__What to work on__: Where a line of the material contains the string "York", copy that line.
*** Block opens ***
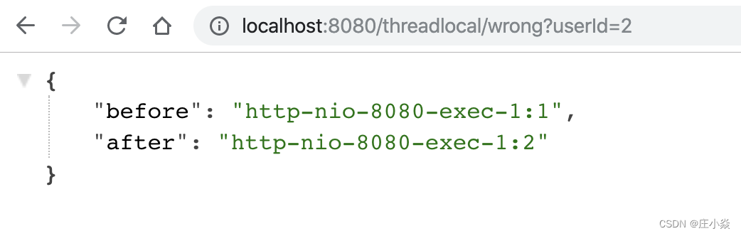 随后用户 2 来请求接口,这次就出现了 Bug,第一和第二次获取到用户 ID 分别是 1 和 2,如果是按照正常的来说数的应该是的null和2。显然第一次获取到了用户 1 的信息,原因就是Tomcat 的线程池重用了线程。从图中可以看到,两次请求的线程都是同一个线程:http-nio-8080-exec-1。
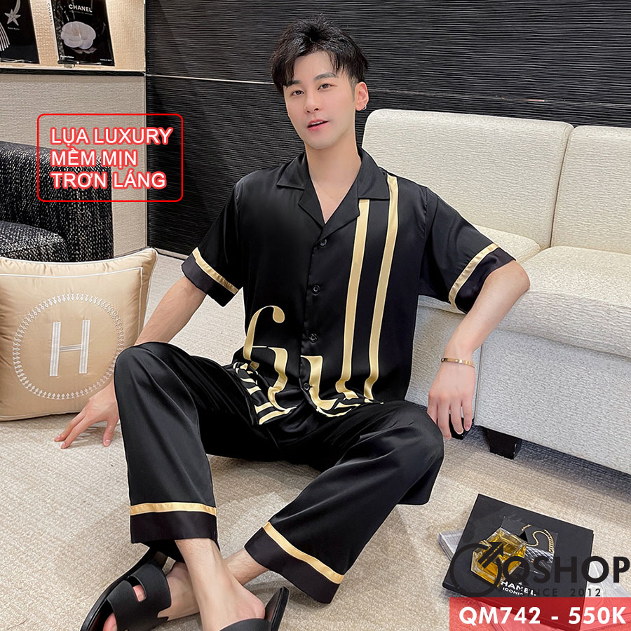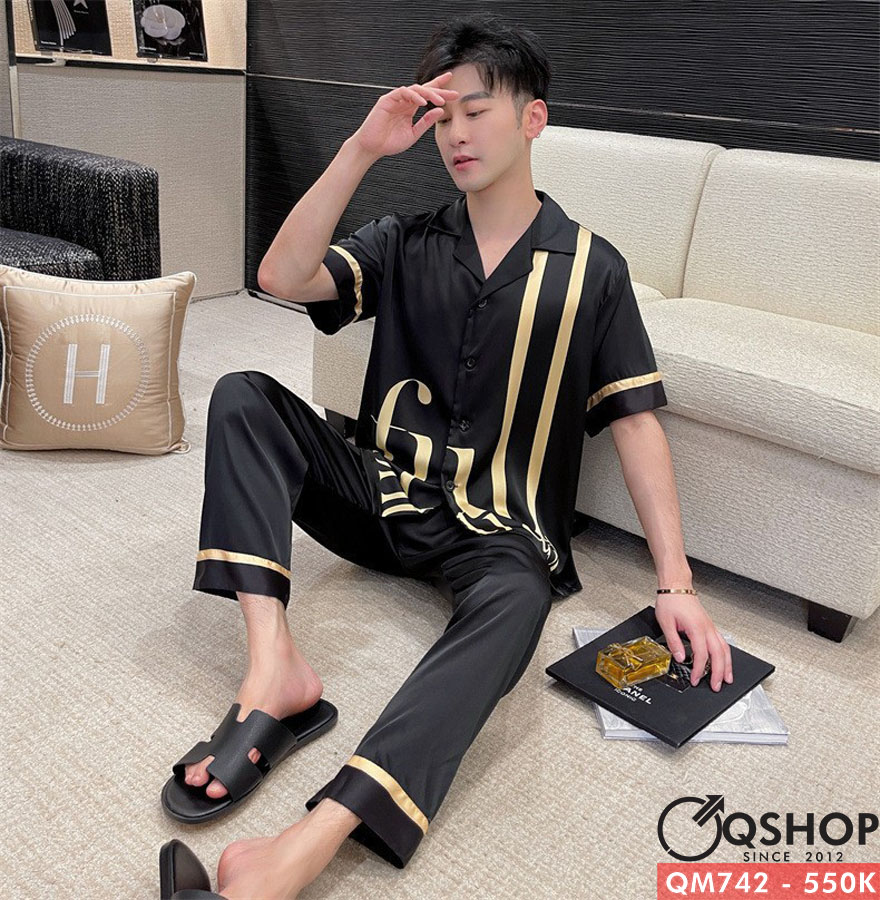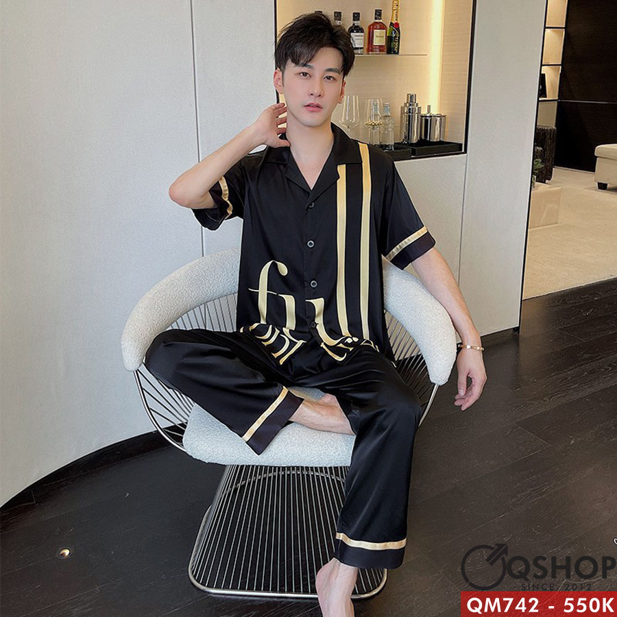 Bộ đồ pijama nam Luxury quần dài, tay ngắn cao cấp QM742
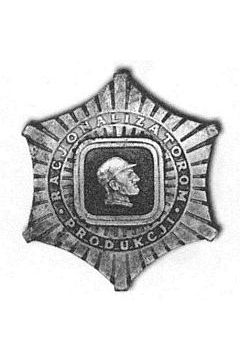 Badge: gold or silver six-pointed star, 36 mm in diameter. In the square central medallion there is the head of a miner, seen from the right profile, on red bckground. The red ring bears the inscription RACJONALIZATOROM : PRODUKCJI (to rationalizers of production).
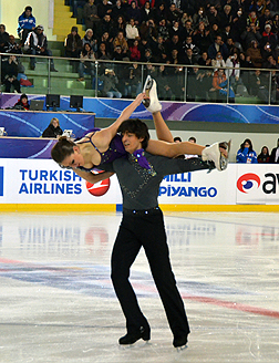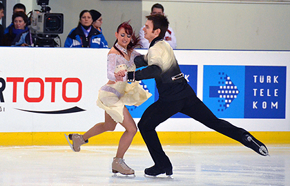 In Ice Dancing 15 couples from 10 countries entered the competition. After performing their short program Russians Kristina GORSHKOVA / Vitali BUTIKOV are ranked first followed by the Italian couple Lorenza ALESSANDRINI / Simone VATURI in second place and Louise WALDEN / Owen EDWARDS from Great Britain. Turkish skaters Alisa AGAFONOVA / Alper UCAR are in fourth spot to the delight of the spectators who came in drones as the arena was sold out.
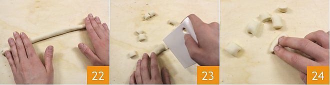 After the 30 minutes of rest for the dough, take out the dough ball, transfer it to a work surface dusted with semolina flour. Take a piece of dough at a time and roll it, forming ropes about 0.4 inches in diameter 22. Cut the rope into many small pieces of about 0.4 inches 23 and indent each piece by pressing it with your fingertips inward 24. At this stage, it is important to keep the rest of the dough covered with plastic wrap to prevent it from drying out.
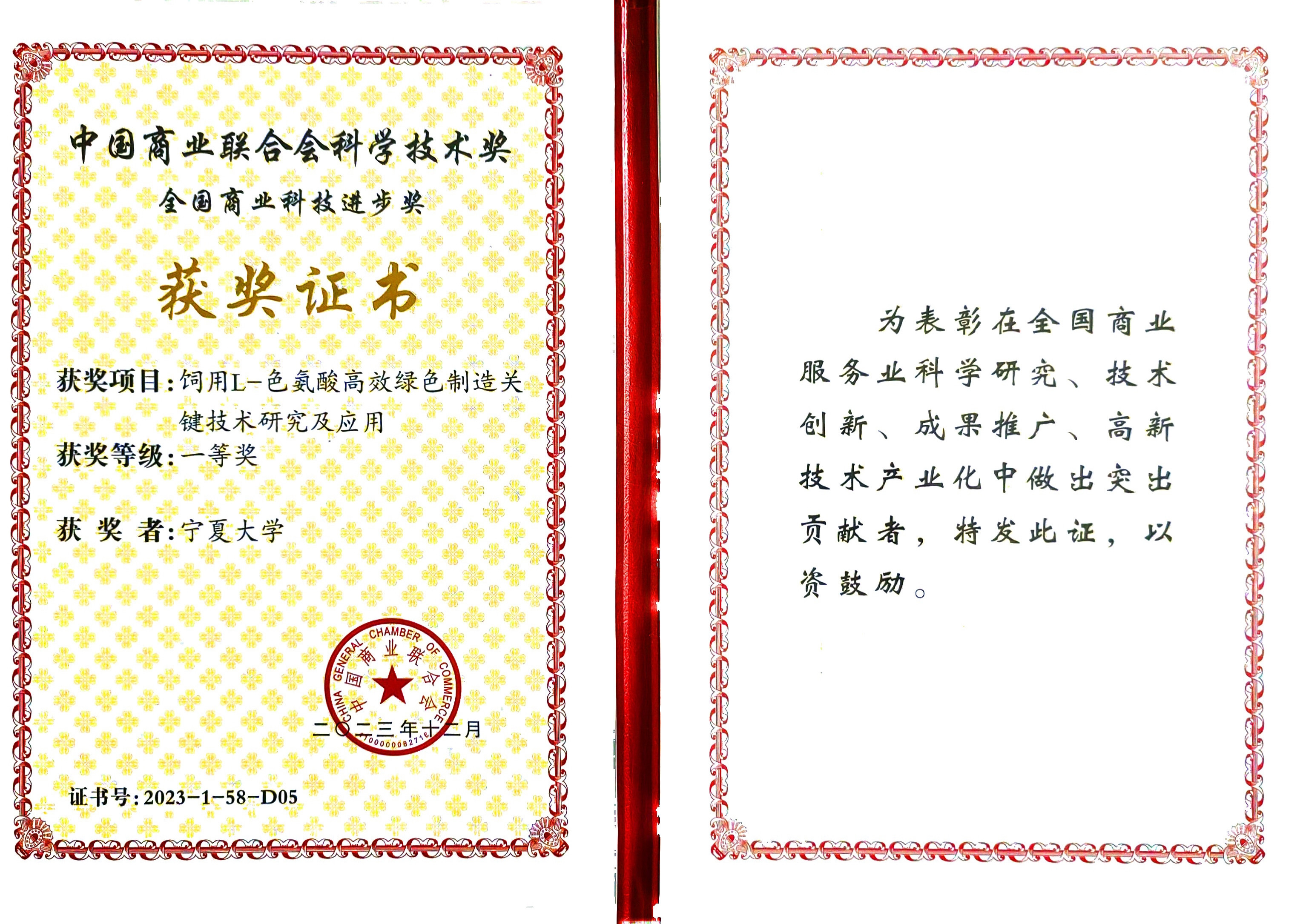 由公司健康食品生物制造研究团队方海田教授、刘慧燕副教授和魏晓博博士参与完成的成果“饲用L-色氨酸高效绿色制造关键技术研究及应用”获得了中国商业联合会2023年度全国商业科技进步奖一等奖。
*** Block closes ***
*** Block opens ***
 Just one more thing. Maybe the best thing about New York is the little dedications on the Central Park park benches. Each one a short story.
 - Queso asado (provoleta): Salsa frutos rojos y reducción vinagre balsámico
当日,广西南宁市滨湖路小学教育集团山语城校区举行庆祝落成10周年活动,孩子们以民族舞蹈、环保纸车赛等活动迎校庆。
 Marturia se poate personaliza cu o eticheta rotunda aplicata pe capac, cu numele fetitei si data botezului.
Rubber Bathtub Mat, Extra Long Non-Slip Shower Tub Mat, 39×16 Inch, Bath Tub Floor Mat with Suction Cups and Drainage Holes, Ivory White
*** Block closes ***
*** Block opens ***
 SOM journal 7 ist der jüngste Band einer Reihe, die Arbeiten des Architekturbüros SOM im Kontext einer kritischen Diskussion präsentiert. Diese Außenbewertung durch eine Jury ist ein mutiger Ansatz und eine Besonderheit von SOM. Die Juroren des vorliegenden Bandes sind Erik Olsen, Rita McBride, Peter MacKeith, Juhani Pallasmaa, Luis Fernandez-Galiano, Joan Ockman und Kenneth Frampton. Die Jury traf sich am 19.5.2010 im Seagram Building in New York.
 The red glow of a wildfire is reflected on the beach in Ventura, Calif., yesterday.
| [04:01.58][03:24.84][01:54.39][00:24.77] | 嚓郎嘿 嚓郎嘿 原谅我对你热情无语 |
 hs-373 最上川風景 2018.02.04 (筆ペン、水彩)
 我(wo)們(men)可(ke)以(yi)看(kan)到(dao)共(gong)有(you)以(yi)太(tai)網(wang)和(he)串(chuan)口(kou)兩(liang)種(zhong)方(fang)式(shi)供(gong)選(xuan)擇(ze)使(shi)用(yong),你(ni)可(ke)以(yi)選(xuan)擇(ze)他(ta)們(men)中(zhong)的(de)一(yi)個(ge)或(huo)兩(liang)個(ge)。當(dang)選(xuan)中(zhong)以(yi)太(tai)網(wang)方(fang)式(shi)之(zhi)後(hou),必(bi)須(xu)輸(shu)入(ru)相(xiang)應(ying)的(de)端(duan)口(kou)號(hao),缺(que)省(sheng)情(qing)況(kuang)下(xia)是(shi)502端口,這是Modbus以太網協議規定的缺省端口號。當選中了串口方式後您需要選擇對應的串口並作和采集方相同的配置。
*** Block closes ***
__Task response__:
 Just one more thing. Maybe the best thing about New York is the little dedications on the Central Park park benches. Each one a short story.
 SOM journal 7 ist der jüngste Band einer Reihe, die Arbeiten des Architekturbüros SOM im Kontext einer kritischen Diskussion präsentiert. Diese Außenbewertung durch eine Jury ist ein mutiger Ansatz und eine Besonderheit von SOM. Die Juroren des vorliegenden Bandes sind Erik Olsen, Rita McBride, Peter MacKeith, Juhani Pallasmaa, Luis Fernandez-Galiano, Joan Ockman und Kenneth Frampton. Die Jury traf sich am 19.5.2010 im Seagram Building in New York.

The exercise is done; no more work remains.